First I better check the map to make sure I take the right turn off. OK I think I’m ready to go. Wait a minute, one more look at the map just to be sure. What was I thinking, maybe if I hold it this way I’ll remember? Well let’s just get going and figure out on the road.
Hmmm, this just somehow doesn’t look right. Better pull over and check the map again.
Finally on the right track to Wat Rong Khun or “The White Temple”. Even though people refer to it as a temple it’s not really that at all. More exhibit than temple, the artist who created and funded it’s completion, Chalermchai Kositpipat, believes the white temple is an offering to Lord Buddha and will ensure him an immortal life.

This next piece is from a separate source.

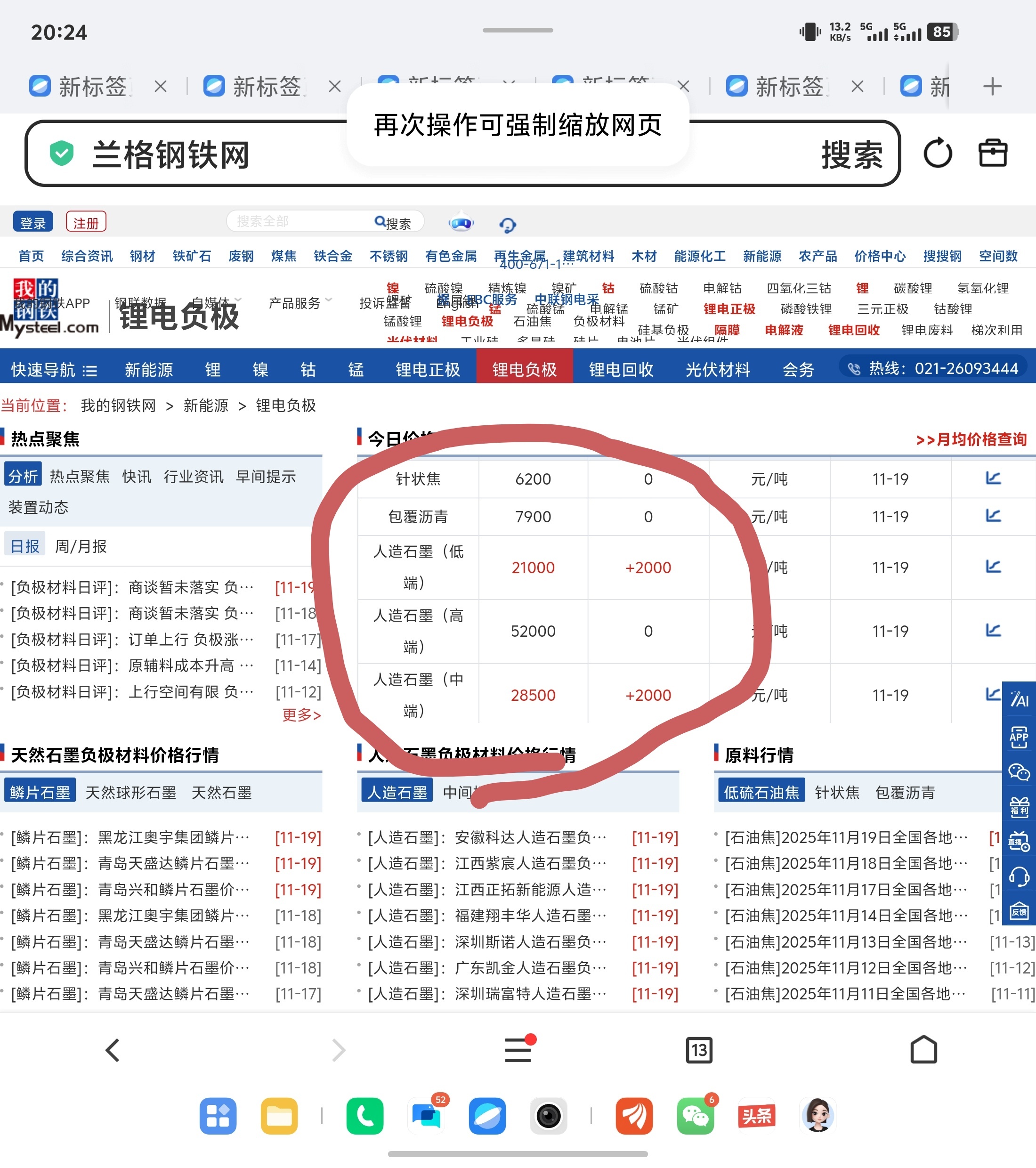 中低端石墨负极涨价了10%(来自我的钢铁网),今天割肉的小三还好吗哈哈
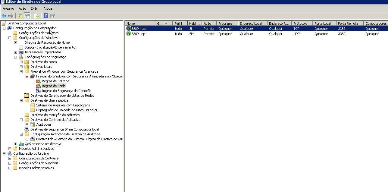 Olá pessoal SOCORRO já não sei mais oque eu faço para abir a porta 3389 no win server 2008 r2

When you first enter the area where the main building or ubosot is located you are immediately confronted with the weakness of human desire, greed and temptation symbolized by hundreds of outreaching hands. Crossing the bridge over the small lake takes you to the gate of heaven where you are met by two creatures who decide the fate of the dead. Make it past there and the countless tourists with selfie sticks and you arrive at the ubosot made with fragments of glass in the style of a traditional Thai 3 tiered roof temple.
Photography is prohibited inside the main building which features murals with cultural icons like Michael Jackson, and fictitious characters including Freddy Kruger, Harry Potter and Hello Kitty. As well as scenes depicting nuclear war and terrorist attacks. If the intent is to highlight what’s wrong with the world the artist has made his point with this exhibit.

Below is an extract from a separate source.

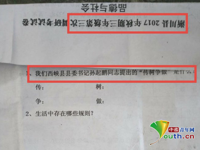 一名家長整理的試卷圖片顯示,淅川縣與西峽縣多份試卷試題大范圍雷同。一份小學(xué)三年級的《品德與社會》試卷中要求學(xué)生回答“我們西峽縣縣委書記孫起鵬同志提出的‘傳樹爭做’是什么?生活中存在哪些規(guī)則?”。除此以外,試卷中還有多道西峽特色顯著的題目。
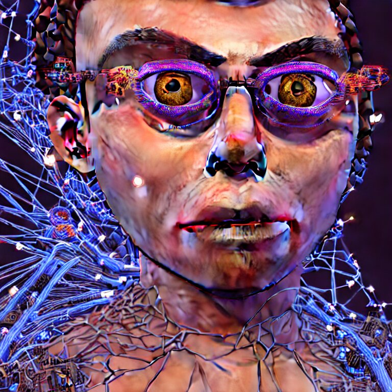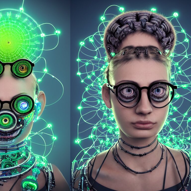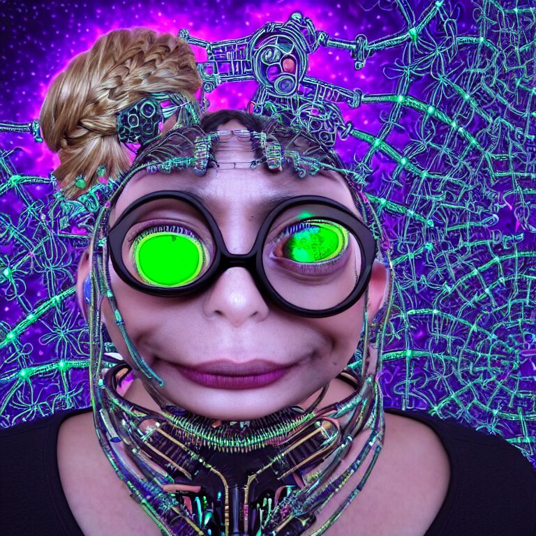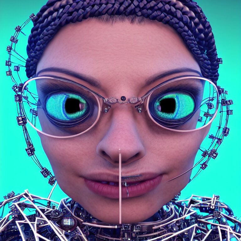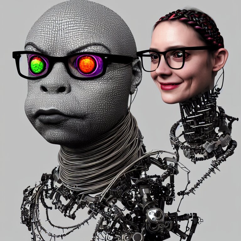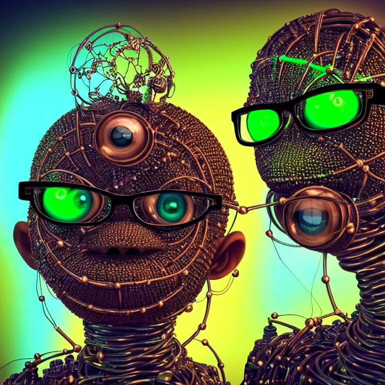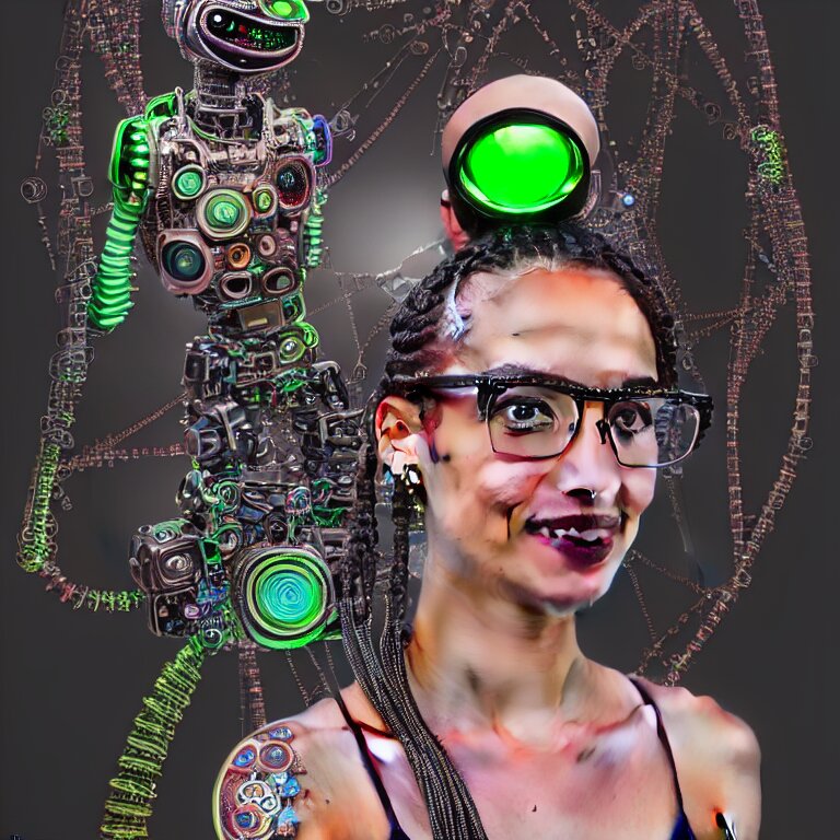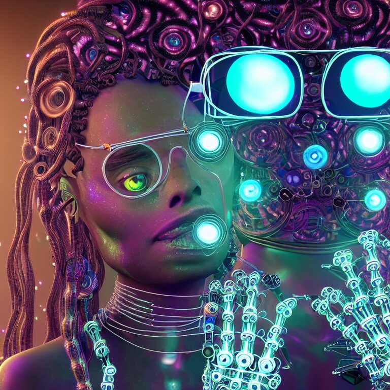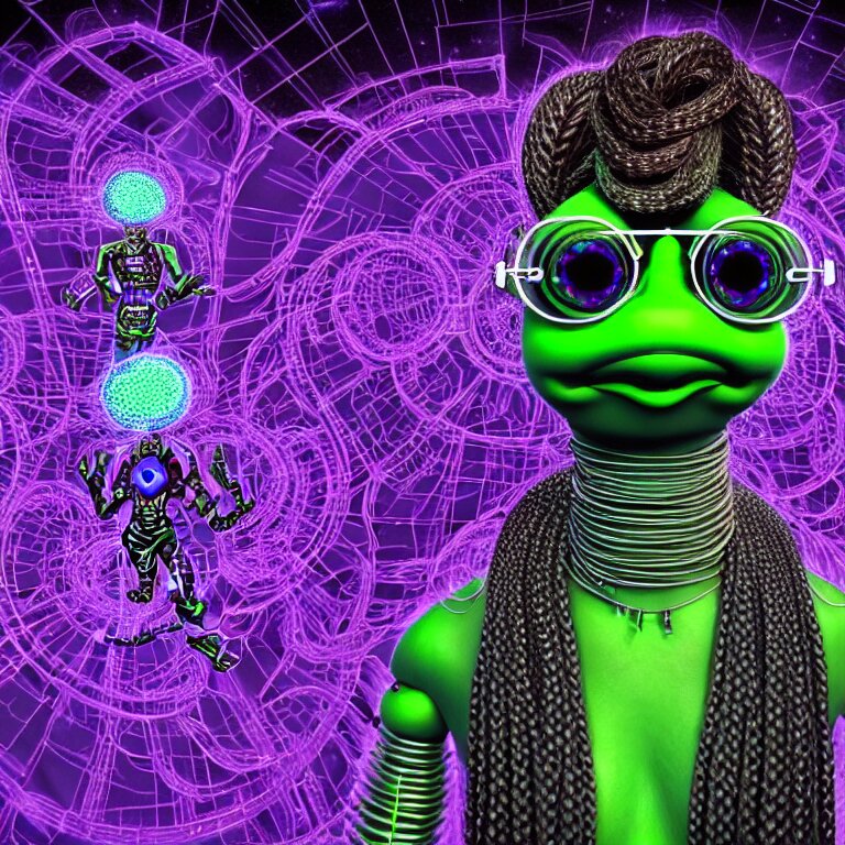 A realistic pepe staring into the camera in a photo shoot with holographic eyes, braided hair, jewelry, tattoos, holding a mechanical smiling robot covered in wires they are wearing matching hi tech glasses the entire image is covered in a hint fractal designs and mandelbrot bursts with cinematic lighting, unreal engine, trending on artstation, hyper realistic, surrealist, perfect symmetry

The gardens and surrounding grounds of Wat Rong Khun are filled with small white pagodas styled in the same theme. Allow yourself enough time to stroll through the many walkways but keep in mind they take a lunch break at the white temple and close off the site.
On May 5, 2014 an earthquake struck the northern province of Chiang Rai damaging the white temple. At the time Chalermchai Kositpipat figuring the temple complex was too damaged to be safe again vowed to demolish it and not rebuild. After a May 7th safety inspection deemed that all buildings were safe and structurally unharmed Kositpipat said he would restore the temple and continue his life work.
A structure you won’t miss within the Wat Rong Khun complex is the gold building where you’ll find the restrooms and other services. Gold which is used to decorate many temples and stupas in Thailand in this case represents the body and symbolizes how people focus on money and worldly possessions.
While the gold building is a place to relieve and refresh yourself it’s also meant as a reminder to make merit and not focus on material things and instead to place focus on the mind, as represented by the white building.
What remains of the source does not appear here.